Edit: its the 11th jan not feb lol!


----------



## momentofmadness (Jul 19, 2008)

I think I would consider going to the vets now and having her done and kits aborted im afraid.... 

But that is just my opinion..


----------



## kiara (Jun 2, 2009)

My lil Babies said:


> Looking at those pictures i think she does look pregnant. Good luck with her birth





celicababe1986 said:


> What a lovely looking cat! I think she looks pregnant in those pics. best of luck!


Thanks 



GeordieBabe said:


> what a gorgeous cat,surprised you could find her in the snow  j\k
> now my daughters cat looked about the same size as your cat when pregnant then some days she didn't look pregnant so she thought nothing of it, one day she was stroking Meg then felt kittens move,following week Meg had 2 kittens sadly both still born  nothing she could do, now i'm NOT saying this will happen to yours just preparing you as it does happen...........i do hope she has some lovely kittens and everything is fine,but do keep her in after kittens come as she can get pregnant straight away


Thanks, luckily i have had 2 litters of kittens before so i know what to expect. 



Taylorbaby said:


> Should she had had them by now? I think she also looks small about 5-weekish, I wonder who she mated with / how many, what colour they will be?
> daughter needs a smacked bum!
> 
> Get in good quality food, get a good vet behind you, strt prepareing for birth, birthing items etc, read up as much as you can!!!!


Yea, I think if the vet had missed she would of done, or would be due any day, which I don't think she is. I know she had a litter before I had had her, she had 4 kittens, 1 white, 1 black & 2 blk/white. there are quite a few toms round here most of them are blk/white but 2 of them are tabby. iv put her on a good food already.

Thanks


----------



## kiara (Jun 2, 2009)

momentofmadness said:


> I think I would consider going to the vets now and having her done and kits aborted im afraid....
> 
> But that is just my opinion..


Thanks for your opinion but that's not an option. x


----------



## Aurelia (Apr 29, 2010)

11th January is still 5 days away.

Why is it not an option? Have you not brought enough crossbred animals in to the world already?

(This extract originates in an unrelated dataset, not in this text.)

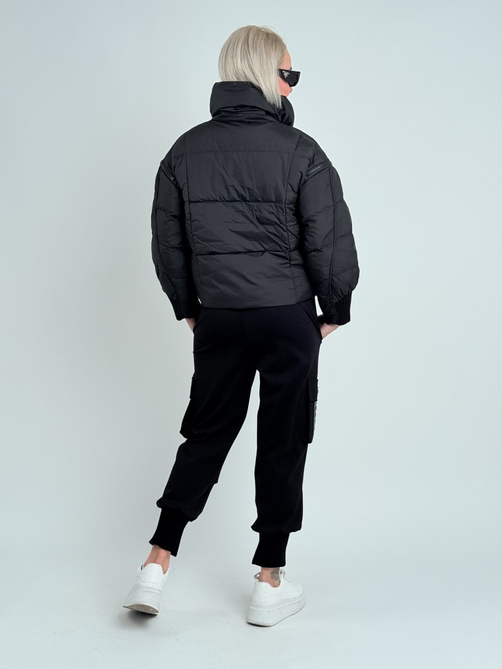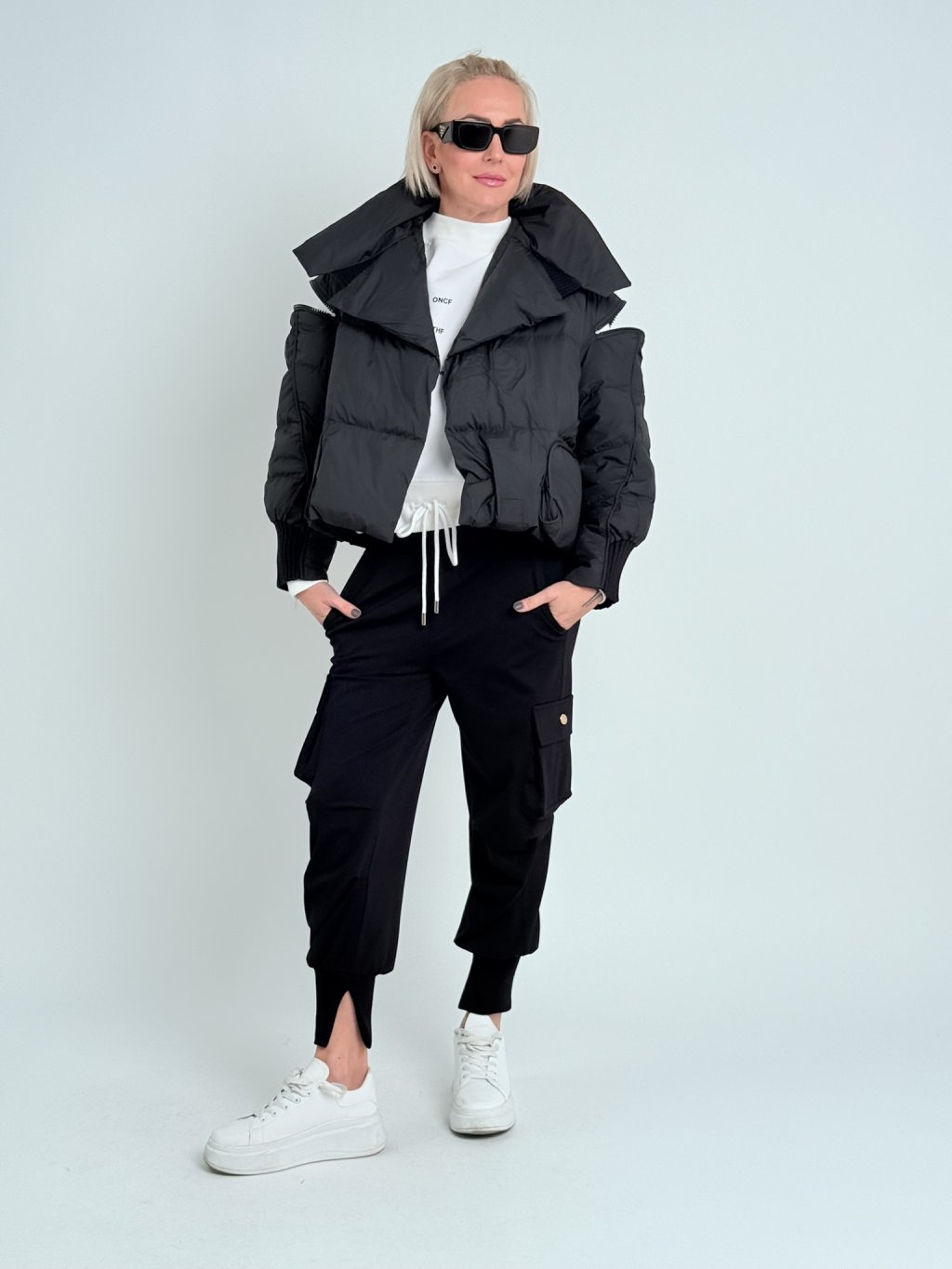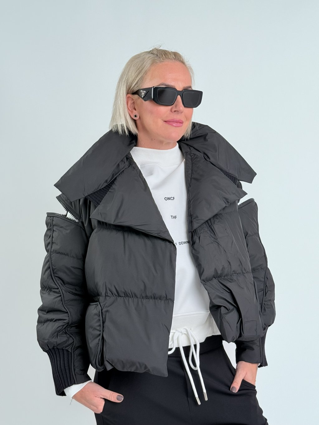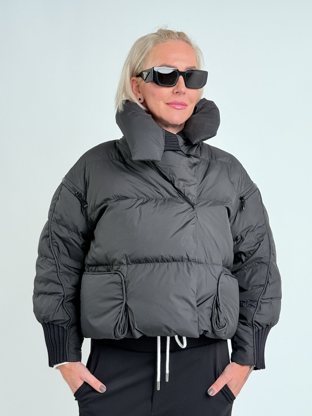 Chladivá, páperová, ľahká, prešívaná bunda s všitými väčšími vreckami a poklopcom, ktorý sa dá vďaka magnetickému zapínaniu premeniť na bundu s vysokým stojáčikom.

I realise that might get a few peoples backs up, but seriously ... how many accidental pregnancies can one person excuse?


----------



## kiara (Jun 2, 2009)

Aurelia said:


> 11th January is still 5 days away.
> 
> Why is it not an option? Have you not brought enough crossbred animals in to the world already?
> 
> *I realise that might get a few peoples backs up, but seriously ... how many accidental pregnancies can one person excuse?*


It is not something I agree with, that's just my opinion.

I do not regret any of the animals I have bought into this world.

in bold = if this is aimed at me when were the other accidental pregnancies?? :confused1:


----------



## Aurelia (Apr 29, 2010)

Firstly, to answer your question I had a look at your post history so I could be accurate. While doing so I noticed you claim to be a fosterer for your local rescue? 
Anyway ... From what I've seen just checking a couple of pages you've previously breed at least one other moggie (by accident) and have purposefully bred your cross breed dogs ... which looks planned, and you even claim to of health tested.

I just don't get it I suppose. How can you work for a rescue centre, yet willing let your animals reproduce instead of being sensible about it? It's just a bit hypocritical to me.

But it is just my opinion which I'm sure you'll ignore, and no doubt the fluffies will be along any moment and tell me how mean I'm being


----------



## kiara (Jun 2, 2009)

Aurelia said:


> Firstly, to answer your question I had a look at your post history so I could be accurate. While doing so I noticed you claim to be a fosterer for your local rescue?
> Anyway ... From what I've seen just checking a couple of pages you've previously breed at least one other moggie (by accident) and have purposefully bred your cross breed dogs ... which looks planned, and you even claim to of health tested.
> 
> I just don't get it I suppose. How can you work for a rescue centre, yet willing let your animals reproduce instead of being sensible about it? It's just a bit hypocritical to me.
> ...


Aurelia, I am going to be frank with you, as you have been with me, for a start I suggest you go back and re read my past posts! not once did I say that it was an accident when I bred my tortie moggie, can I add that this is the only other cat I have bred but have done so twice! she is healthy and I wanted to breed her, I done everything by the book and still to this day I have her off spring, all bar 2 which 1 my sister has got and 1 is with my cousin. I am not one for pure breeds and not all rescues will allow you to adopt with young children/having bull breed dogs. I made sure they were all neutered so they couldn't reproduce with siblings/mother/father! they are all healthy, loved, well looked after, happy, have everything they could need or want.

Yes I have also bred my border terrier cross lady to a 5 gen ped border terrier. if you also re read these posts you will see that I didn't claim to have health tested my dog as there are not currently any recommended BUT they have both been health checked/tested by the vets. again I done everything by the book, I sadly lost 2 of the puppies but I do not regret a thing. the pups are all in excellent vetted homes and im in contact with them all. I even had one of the pups back at Christmas while his family went on holiday, which was lovely. I would and will happily do it again!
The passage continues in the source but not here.